RIO DE JANEIRO – “Una pagliacciata”: che sia di Bolsonaro non rende il giudizio meno vero. Si riferiva alla Commissione d’inchiesta parlamentare sul Covid che ha terminato i suoi lavori qualche giorno fa, accusandolo a maggioranza di dieci reati, tra cui “crimini contro l’umanità, attraverso sterminio, persecuzione e altri atti disumani”.
Hanno anche considerato seriamente di accusarlo di genocidio: Manaus come Srebenica, insomma, e Bolsonaro come Mladic. Alla fine hanno deciso per il no, per un calcolo politico. Omar Aziz, il presidente della Commissione, temeva – parole sue – che la sua probabile archiviazione avrebbe gettato un’ombra su tutti gli altri risultati.
La commissione si è insediata in aprile, per investigare omissioni e irregolarità del governo federale nella risposta alla pandemia. La preoccupazione non era infondata: il diluvio di fondi liberati dallo stato d’emergenza e le regole più flessibili erano una tentazione enorme. Infatti per quella data erano già stati messi sotto inchiesta i governatori di nove Stati brasiliani (in tutto sono ventisei), uno era stato messo sotto impeachment all’unanimità, ed erano state avviate quasi cento indagini per appropriazione indebita di fondi pubblici destinati alla lotta contro il Covid.
Ma la Commissione ha evitato accuratamente di indagare a livello statale – forse il relatore Renan Calheiros non voleva incontrare il figlio, che è governatore di Alagoas – per concentrarsi esclusivamente sul governo federale, cioè su Bolsonaro. Peccato che le competenze del governo federale fossero principalmente quelle di trovare i soldi e distribuirli agli Stati, senza molti poteri di spesa diretta.

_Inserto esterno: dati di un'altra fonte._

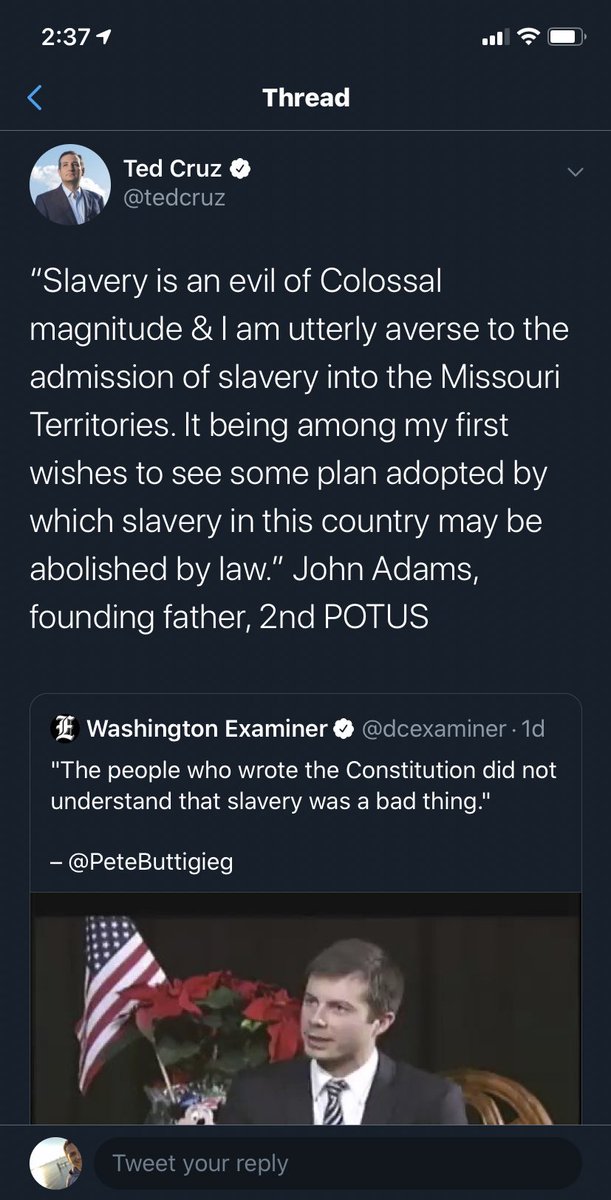 Pete Buttigieg is getting corrected on his abhorrent slavery take... by Ted Cruz. pic.twitter.com/bW7IM4d3W8

Di fatto, dopo sei mesi di lavori, la Commissione non ha provato il pagamento di nessuna bustarella nel governo. Il peggio che hanno trovato è stato che Bolsonaro non avrebbe dato seguito a una segnalazione di irregolarità nell’acquisto di vaccini di un collaboratore del ministero della Salute. Perché quest’ultimo non sia stato indagato per omessa denuncia non risulta però chiarissimo.
Hanno quindi spostato il fuoco sul supporto di Bolsonaro alla clorochina. Personalmente non ho mai capito perché il presidente si sia messo a giocare al dottore. Non è il suo mestiere, evidentemente, ma non lo è neanche dei senatori della “Cpi del Covid”. Che la politica si impadronisca dei protocolli di cura, ingessandoli, lascia perplessi anche molti medici che odiano Bolsonaro con tutto il cuore.
Come era chiaro da subito, la “Cpi del Covid” non aveva la giustizia tra i suoi obiettivi. Doveva essere la gogna per Bolsonaro e tutte le sue malefatte.
Sia ben chiaro che la gogna se la merita, non fosse per la confusione causata dall’aver cambiato quattro ministri della Salute nei momenti peggiori della pandemia (per maggiori dettagli si vedano i miei articoli precedenti) e per gli atteggiamenti negazionisti. Ma sono posizioni politiche che devono essere giudicate politicamente, e i brasiliani lo stanno facendo: il 58% disapprova il governo e Bolsonaro è pesantemente dietro a Lula nelle previsioni di voto per le elezioni presidenziali del prossimo anno.
P.S. L’epidemia, o almeno questa ondata, è passata. I reparti di rianimazione sono praticamente vuoti (anche perché i posti letto sono raddoppiati nel giro di un anno). Le morti calano costantemente da aprile e ora sono 350 al giorno. Gli Stati Uniti hanno invece ripreso a crescere da luglio e ora sono a 1.400: mandiamo Biden a Norimberga?